In or out, it doesn’t matter right now, if it causes an issue either way down the line it can be resolved. The important thing right now is that completely missing sensors do not result in a zero value, which had my original edit to the get_temperature() function been implemented would be the case. It wasn’t easy getting a partial implementation, a full implementation may now be possible as this fault has identified the need, but trying for an extended implementation may well prove too much and prevent any progress.

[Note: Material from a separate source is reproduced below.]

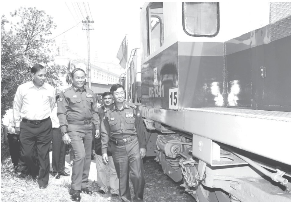
Minister for Rail Transportation Maj-Gen Aung Min observes the locomotives purchased from India.

dia and accepted five locomotives on 22 September 2007 in the first batch. At present, 15 locomotives were accepted as the second batch.

If it were a library function (or when it becomes a library function?), it seems reasonable to re-evaluate this question. My guess is the best method would be, on a per-sensor basis, either to pass on the 85°C reading or to block it, as determined by the user. Given the restricted capability of the sketch (in relation to emoncms, that is) I think it’s much more reasonable to pass the problem upwards where it can be handled more intelligently.

Robert

OK, I’ve installed libraries and downloaded the .ino; I’ve got the arduino IDE running and opened the discrete_sampling .ino.

I’m connected to the serial port of the the emonTx which is reporting readings as I would expect.

I compile - it reports

In file included from C:\Users\Richard Palmer-Jones\Documents\Arduino\oem\emontx\emonTxV3_4_DiscreteSampling_rpj\emonTxV3_4_DiscreteSampling_rpj.ino:37:0:

C:\Users\Richard Palmer-Jones\Documents\Arduino\libraries\jeelib/RF69_compat.h:9:2: error: #error This file must be included BEFORE the “RF12.h” header file!

#error This file must be included BEFORE the “RF12.h” header file!

Multiple libraries were found for “Ports.h”
Used: C:\Users\Richard Palmer-Jones\Documents\Arduino\libraries\jeelib
Not used: C:\Users\Richard Palmer-Jones\Documents\Arduino\libraries\RFu_jeelib
exit status 1
Error compiling for board Arduino/Genuino Uno.
I moved

#include <RF69.h>
#include <RF69_avr.h>
#include <RF69_compat.h>

before

#include <RF12.h>
#include <RF12sio.h>

but the same error. Help please.
When successfully compiled do I then “Upload UsingPogrammer”?

Edit - fixed formatting, deleted duplicate post - Moderator, BT

You should not need to edit the libraries

Just to confirm, are you using this sketch ? And this line is still set to “#define RF69_COMPAT 1”

What version of Arduino IDE are you using?

I suspect you’ve got some libraries in the wrong place, but you shouldn’t need to move anything in the sketch, as published it is known to compile correctly. Which Windoze version are you using, and have you got the structure of your libraries correct?

Sorry to come in very late, but could this be related to the RFM firmware / Jeelib changes that I had a problem with in the emonSD forum? V2.6 is “bad” and revertiung to V2.5 restores the connection - I also continued to see the emonTH input fine.

See emonSD-03May16 Release - #35 by peter

Actually, re-reading the original post this is exactly the same issue. Downgrade the emonbase/RFM firmware from 2.6 and you will be back.